[Data items]
● ● ● ●

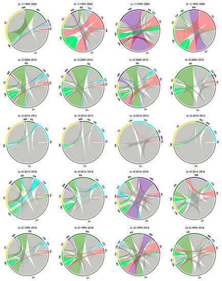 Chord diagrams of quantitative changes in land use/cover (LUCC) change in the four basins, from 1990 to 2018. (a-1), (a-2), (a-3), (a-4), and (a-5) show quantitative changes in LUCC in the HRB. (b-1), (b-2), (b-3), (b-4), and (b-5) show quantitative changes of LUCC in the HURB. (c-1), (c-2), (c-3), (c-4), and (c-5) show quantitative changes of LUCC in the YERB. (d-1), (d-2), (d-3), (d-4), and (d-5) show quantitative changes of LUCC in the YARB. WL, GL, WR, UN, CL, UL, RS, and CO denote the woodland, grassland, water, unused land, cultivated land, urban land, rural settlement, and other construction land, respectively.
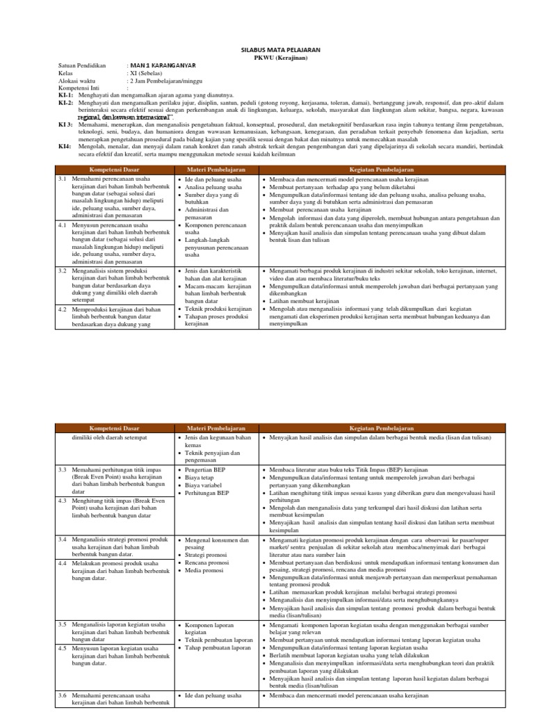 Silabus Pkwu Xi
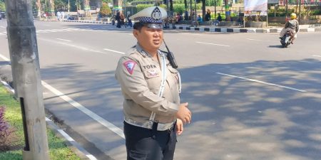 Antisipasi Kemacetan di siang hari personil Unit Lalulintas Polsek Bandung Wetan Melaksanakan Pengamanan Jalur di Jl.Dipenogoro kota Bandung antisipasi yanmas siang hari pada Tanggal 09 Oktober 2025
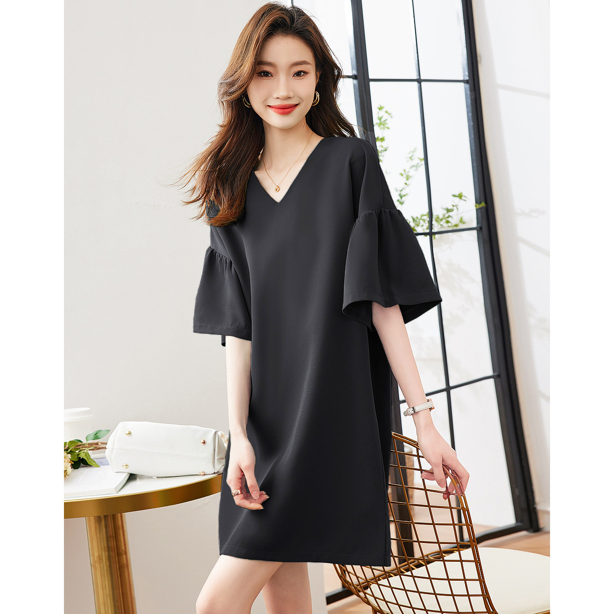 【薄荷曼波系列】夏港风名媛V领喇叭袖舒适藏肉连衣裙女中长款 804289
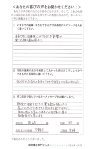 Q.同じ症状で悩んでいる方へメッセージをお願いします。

● ● ● ●

### ABOUT THIS TASK:
Copy every record exactly, dropping the images.

### RESPONSE BOX:
 Chord diagrams of quantitative changes in land use/cover (LUCC) change in the four basins, from 1990 to 2018. (a-1), (a-2), (a-3), (a-4), and (a-5) show quantitative changes in LUCC in the HRB. (b-1), (b-2), (b-3), (b-4), and (b-5) show quantitative changes of LUCC in the HURB. (c-1), (c-2), (c-3), (c-4), and (c-5) show quantitative changes of LUCC in the YERB. (d-1), (d-2), (d-3), (d-4), and (d-5) show quantitative changes of LUCC in the YARB. WL, GL, WR, UN, CL, UL, RS, and CO denote the woodland, grassland, water, unused land, cultivated land, urban land, rural settlement, and other construction land, respectively.
 Silabus Pkwu Xi
 Antisipasi Kemacetan di siang hari personil Unit Lalulintas Polsek Bandung Wetan Melaksanakan Pengamanan Jalur di Jl.Dipenogoro kota Bandung antisipasi yanmas siang hari pada Tanggal 09 Oktober 2025
 【薄荷曼波系列】夏港风名媛V领喇叭袖舒适藏肉连衣裙女中长款 804289
 Q.同じ症状で悩んでいる方へメッセージをお願いします。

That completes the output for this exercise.